Their mission is to help scale Black-owned media outlets and educate advertisers and others about the importance and potential of this market. BOMESI is focused on nurturing:

  • Economic Empowerment
  • Ecosystem Sustainability
  • Innovation & Growth

Among their achievements was the curation of a database of Black-owned media companies across the country. The institute has prioritized issues such as voting rights, civil rights, fair pay for all, unionization, education equity, and healthcare disparities.

"The advertising industry has not caught up with the changing population or changing demographics of the United States," DéVon said. "In 2020, on the heels of George Floyd and the resurgence of Black Lives Matter, there were some brands that had made public statements around DEI and changing their budgets to spending more money on more diverse publishers-we seized the opportunity to create a non-profit to educate the advertising industry."

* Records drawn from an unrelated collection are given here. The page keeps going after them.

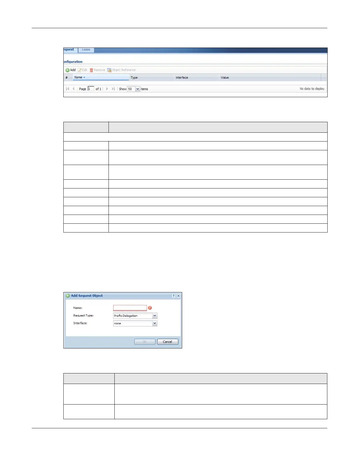 Table 359 Configuration > DHCPv6 > Request > Add
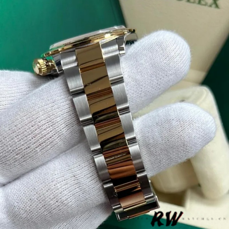 Rolex Cosmograph Daytona 116503 White Mother Of Pearl Dial 40MM Mens Watch,40MM Yellow Gold And Stainless Steel case,Screw Down crown. Scratch Resistant Sapphire crystal.White Mother of Pearl dial With diamond hour markers,30-minute counter at 3 o'clock, and 12-hour counter at 9 o'clock,Stainless steel and yellow gold oyster bracelet with flip-lock clasp.
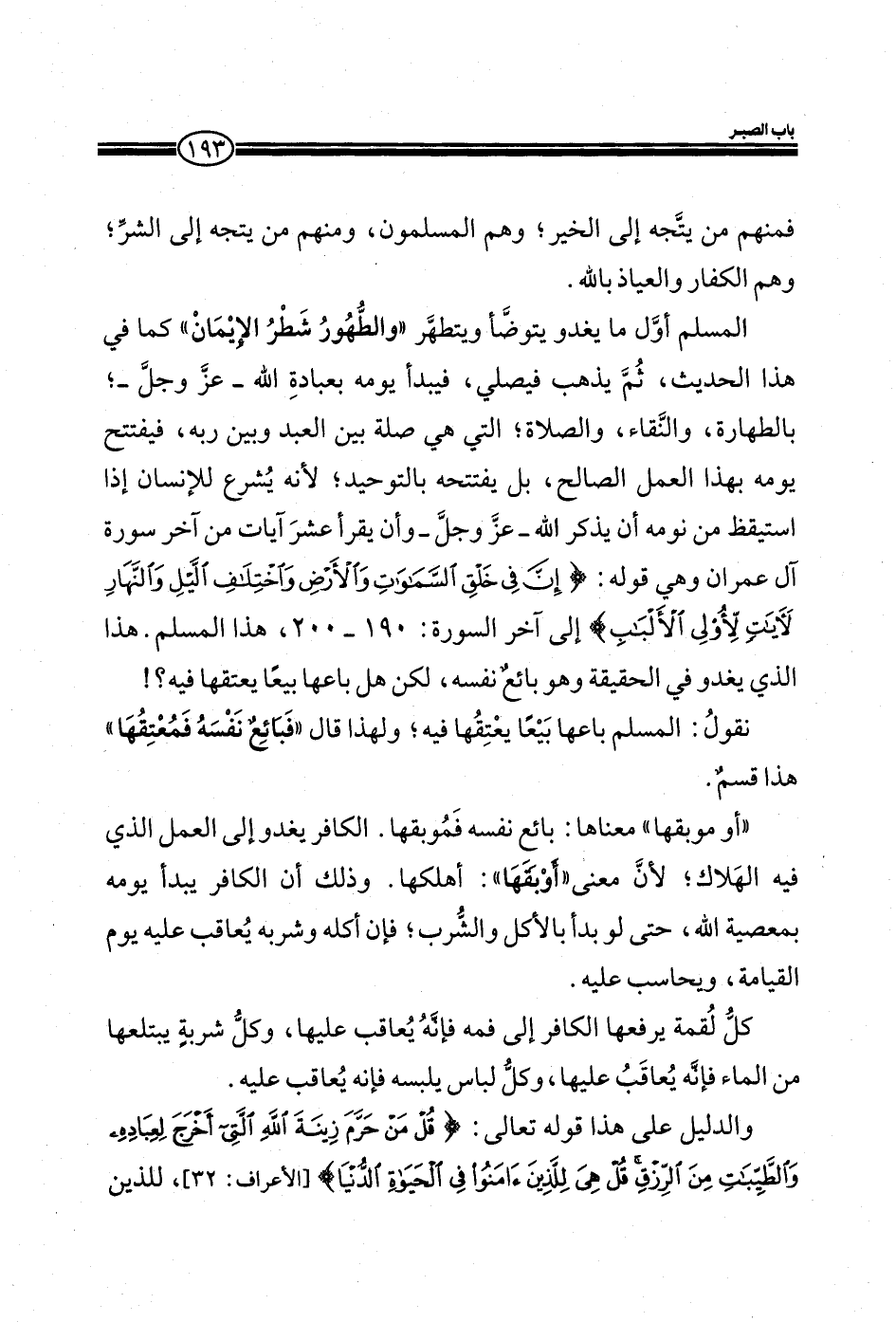 المسلم أول ما يغدو يتوضأ ويتطهر ((والطهور شطر الإيمان)) كما في هذا الحديث، ثم يذهب فيصلي، فيبدأ يومه بعبادة الله- عز وجل-؛ بالطهارة، والنقاء، والصلاة، التي هي صلة بين العبد وبين ربه، فيفتتح يومه بهذا العمل الصالح، بل يفتتحه بالتوحيد؛ لأنه يشرع للإنسان إذا استيقظ من نومه أن يذكر الله- عز وجل- وأن يقرأ عشر آيات من آخر سورة آل عمران وهي قوله:) إِنَّ فِي خَلْقِ السَّمَاوَاتِ وَالْأَرْضِ وَاخْتِلافِ اللَّيْلِ وَالنَّهَارِ لَآياتٍ لِأُولِي الْأَلْبَابِ) إلي آخر السورة: 190-200، هذا المسلم هذا الذي يغدو في الحقيقة وهو بائع نفسه، لكن هل باعها بيعاً يعتقها فيه؟!.
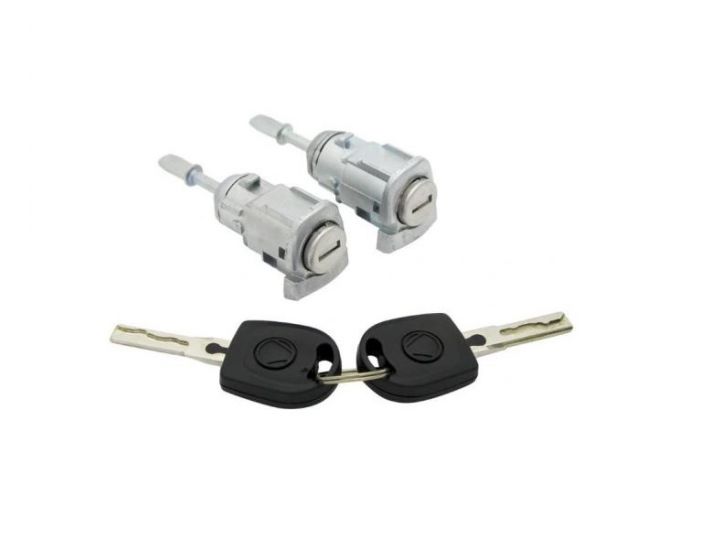 Set yale incuietoare usa VW GOLF 4; LUPO, 1998-2005; POLO, 2001-2009; TRANSPORTER/MULTIVAN (T5), 2003-2015; BEETLE, 1998-2010; BORA 1998-2005; FOX, 2005-; Skoda FABIA 6Y, 2000-2007; OCTAVIA (1U), 1997-2010, Seat AROSA, 1997-2004, fata, stanga+dreapta, cu tija de 35 mm - Componente inchidere : cu 2 butuc cheie, chei fara locas cip
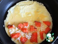 Вылить 2/3 омлетной смеси на смазанную маслом сковороду, на одну половину выложить 1/3 пакетика готового риса Янтарь ТМ «Мистраль» и кусочки малосольной семги. Обжаривать около 1 минуты. |
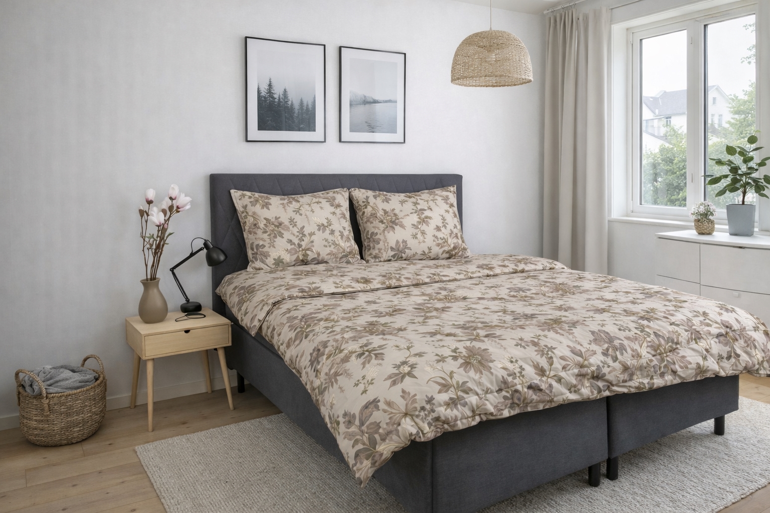 Home » Bedding » Single bedding » Single bedding 140x200 cm Floral bed linen - 100% Soft cotton satin - 140x200 cm - Wildflower - By Night bed set Save62% By Night 81,9931,49EURSave 51,- In stock Select size Select a variant Quantity Add to basket See more from: By Night Item number: BN510-1 Read our bedding guide See our extensive selection of sheets Discover our comprehensive range of 140x200 duvets Do you have questions about the product? Extra fine satin weaveConcealed zip closureSoft and lustrous Duvet cover: 140x200 cm Pillowcase: 1 piece 60x63 cm Material: 100% soft cotton satin Weaving: Extra fine 230TC (Thread count = number of threads per square inch) Colour: Brown Design: Wildflower Brand: By Night Closure: Duvet and pillowcases with hidden YKK zip Washing: 60° Tumble drying: Yes Ironing: Yes Certification: STANDARD 100 by OEKO-TEX® (11-47893) The bed set in 100% tightly woven cotton satin. This bed set from By Night is renowned for its beautiful and smooth surface, which feels delightful and soft against the skin. The beauty of cotton satin is its breathability, keeping you comfortably cool in summer and warm in winter, making the bedding practical for all seasons. Moreover, the bed linen is 100% dyed through, meaning the colour is embedded in the cotton fibres during production. This results in incredibly high colour and wash fastness. The bed set is OEKO-TEX® certified. The certification ensures that the product is free from harmful substances and produced under proper conditions, so you can sleep safely at night while we also care for the environment. The bedding set is a popular choice for those desiring luxurious bed linen with a stylish appearance. Duvet and pillowcases feature a hidden YKK zip for closure. Purchase matching pillowcases for your extra pillows easily here. Refresh your bed and bedroom with a lovely bed set like this. Simultaneously, take advantage of the opportunity to ensure maximum sleeping comfort by adding a new, soft, high-quality sheet. Discover our extensive range of quality sheets here By Night is distinguished by Danish design, providing you with comfortable components for your nighttime environment of the utmost quality. By Night offers bedding and sheets for the entire family, emphasizing contemporary trends to ensure the range always includes fashionable colours and designs. Return to Single bedding 140x200 cm Customers also bought Bedding 140x200 cm - cotton satin - Blossom grey - floral print In stock 81,9931,49EUR Add to basket Bedding 140x200 cm - cotton satin - Blossom blue - Floral print In stock 81,9931,49EUR Add to basket Floral bed linen 140x220 cm - 100% Soft cotton satin - Wildflower - By Night bed set In stock 88,4938,49EUR Add to basket Bed linen 140x200 cm - cotton satin - Summer Bloom - Light blue floral print In stock 81,9931,49EUR Add to basket The Dream Duvet. All-season duvet 140x200 cm - Hypoallergenic duvet with soft fibre down - Fibre duvet from Zen Sleep In stock 95,4954,49EUR Add to basket 2 x Pillowcases Double floral bed linen 200x200 cm - 100% Soft cotton satin - Wildflower - By Night bed set In stock 149,9954,49EUR Add to basket Pillowcase 60x63 cm - 100% Soft cotton satin - Wildflower - By Night In stock 27,4910,99EUR Add to basket Stretch fitted sheet 140x200 cm - Black jersey stretch fitted sheet - IN Style fitted sheet In stock 31,4912,49EUR Add to basket The all-season pillow Luxury all-season duvet 140x200 cm - 100% fine musk duck down - Nordstrand Home musk duvet with cotton satin bolster In stock 544,49231,49EUR Add to basket Bedding 140x200 cm - Satin silky bed set - Solid grey bed linen - Soft as silk In stock 31,4913,99EUR Add to basket
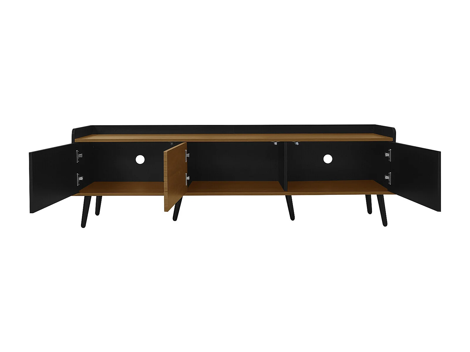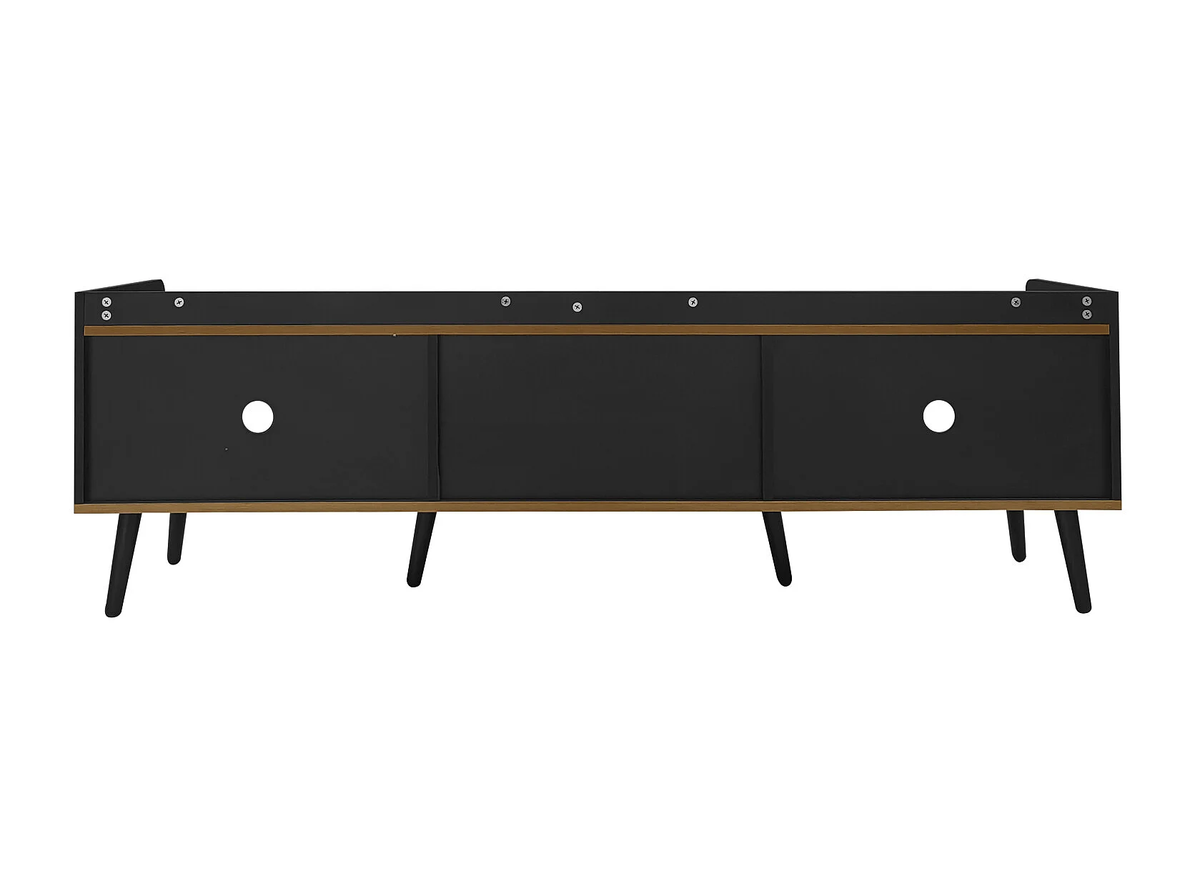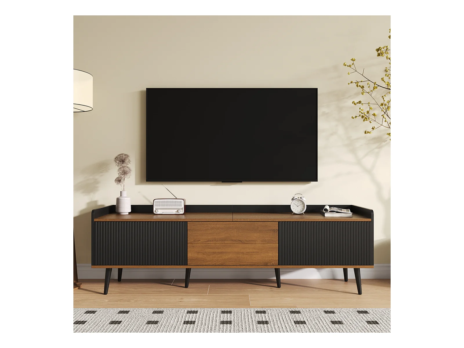 Meuble TV compact 3 portes. Finition noir/bois, 160 x 39 x 49,5 cm. Meuble bas pratique pour vos supports multimédia.
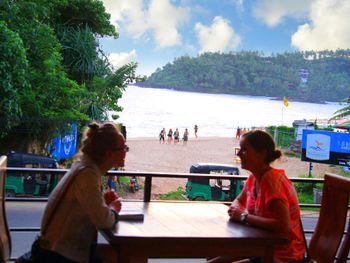 напротив выхода на пляж, неплохая Кухня хороший повар.
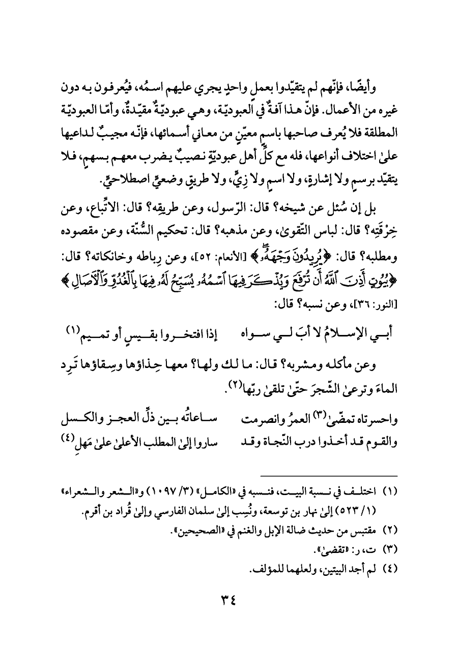 بل إن سُئل عن شيخه؟ قال: الرّسول، وعن طريقِه؟ قال: الاتِّباع، وعن خِرْقَتِه؟ قال: لباس التّقوى، وعن مذهبه؟ قال: تحكيم السُّنّة، وعن مقصوده ومطلبه؟ قال: {وَالْعَشِيِّ يُرِيدُونَ وَجْهَهُ} [الأنعام: ٥٢]، وعن رِباطه وخانكاته؟ قال: {بُيُوتٍ أَذِنَ اللَّهُ أَنْ تُرْفَعَ وَيُذْكَرَ فِيهَا اسْمُهُ يُسَبِّحُ لَهُ فِيهَا بِالْغُدُوِّ وَالْآصَالِ} [النور: ٣٦]، وعن نسبه؟ قال:
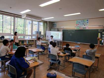 6年生は、理科「変わり続ける大地」の学習で、地震や火山による大地の変化について一人一人調べ、発表していました。
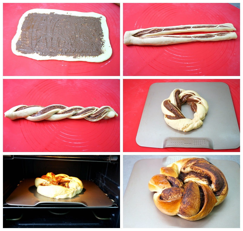 10. 两端一对合,成花环状,然后转移到不粘烤盘上,送入烤箱中进行二次发酵。烤箱的密封性能好,所以无需用发酵档,直接关上门自然发酵就可以了;

Another key priority was to make sure BOMESI expanded outside of the most well-known legacy Black -owned media outlets and embraced the next generation.

"We wanted to make sure that everyone had a chance to have a seat at the table, to have a piece of the pie," DéVon explained. "Our focus is to make the pie bigger."

TD is proud to work with BOMESI for its important mission, and the relationship holds a special importance for Marcus Gonzales, TD Bank Community Business Development Officer in NYC.

"From the moment DéVon and I connected it was seamless," Marcus said. "Our stories were very different but, very much the same. Our willingness to help pay it forward made partnership easy. Working with DéVon to help our community has been rewarding and we are still only getting started."

DéVon is also very excited to work with TD Bank and looks forward to the future as the relationship deepens.

"TD Bank is the first banking relationship that I've had as a business owner that felt intimate," he said. "To be able to know your bank officer is a different experience. There’s a tremendous amount of community involvement and engagement. TD takes the opportunity to highlight its customers. I don't know any other bank that does that."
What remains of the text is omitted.